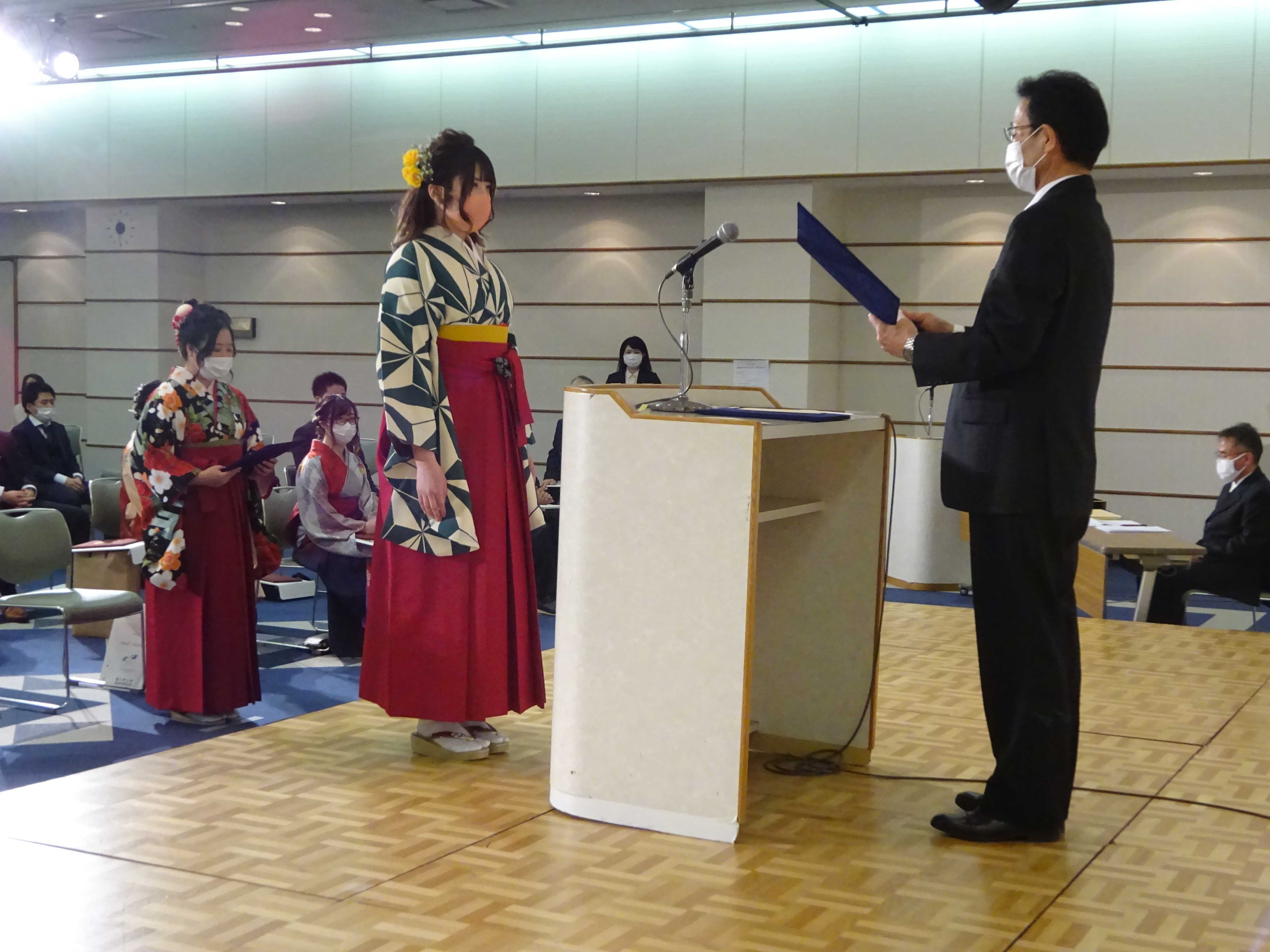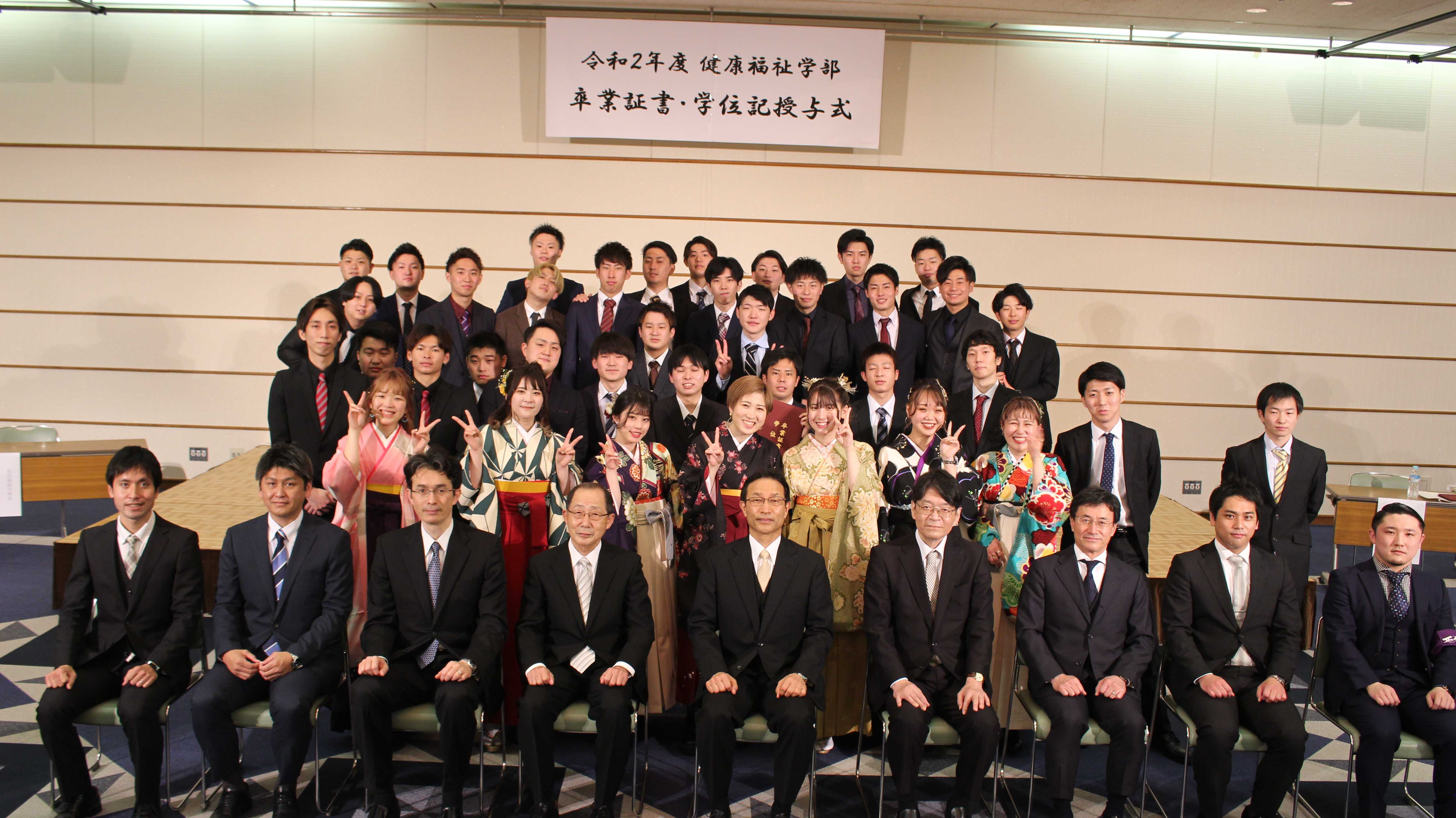 令和2年度卒業証書・学位記授与式が3月18日(木)に佐賀市文化会館で執り行われました。 入場者の制限や規模の縮小など必要な感染予防対策を講じた上での開催となりましたが、本学としては2年ぶりに卒業式の日を迎えることができました。 スポーツ健康福祉学科からは4期生の40名が卒業証書を手にし、お世話になった先生方や友人との別れを惜しみました。
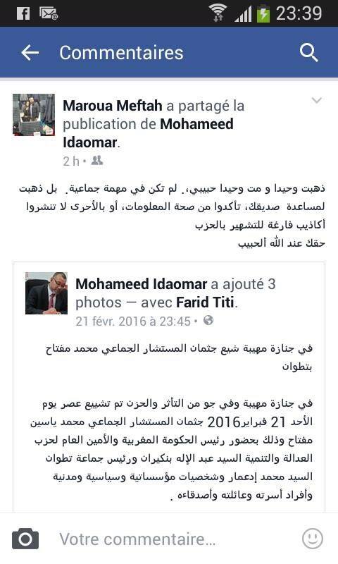 ابنة المرحوم وجهت كلامها من خلال تدوينتها، لرئيس حضرية تطوان محمد ادعمار المنتمي لحزب العدالة والتنمية، الذي ادعى في تدوينة سابقة له قبل أن يحذفها، أن المرحوم كان رفقة لجنة لليقظة تم إنشاؤها من أجل مساعدة الساكنة على إثر الفيضانات التي تعرضت لها المدينة.
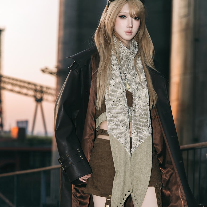 付属のスカーフにはハトメがあしらわれており、無骨なインダストリアル感を演出します。

■ **What you should do**: Retype the full listing exactly; pictures stay out.

■ **Solved problem**:
 令和2年度卒業証書・学位記授与式が3月18日(木)に佐賀市文化会館で執り行われました。 入場者の制限や規模の縮小など必要な感染予防対策を講じた上での開催となりましたが、本学としては2年ぶりに卒業式の日を迎えることができました。 スポーツ健康福祉学科からは4期生の40名が卒業証書を手にし、お世話になった先生方や友人との別れを惜しみました。
 ابنة المرحوم وجهت كلامها من خلال تدوينتها، لرئيس حضرية تطوان محمد ادعمار المنتمي لحزب العدالة والتنمية، الذي ادعى في تدوينة سابقة له قبل أن يحذفها، أن المرحوم كان رفقة لجنة لليقظة تم إنشاؤها من أجل مساعدة الساكنة على إثر الفيضانات التي تعرضت لها المدينة.
 付属のスカーフにはハトメがあしらわれており、無骨なインダストリアル感を演出します。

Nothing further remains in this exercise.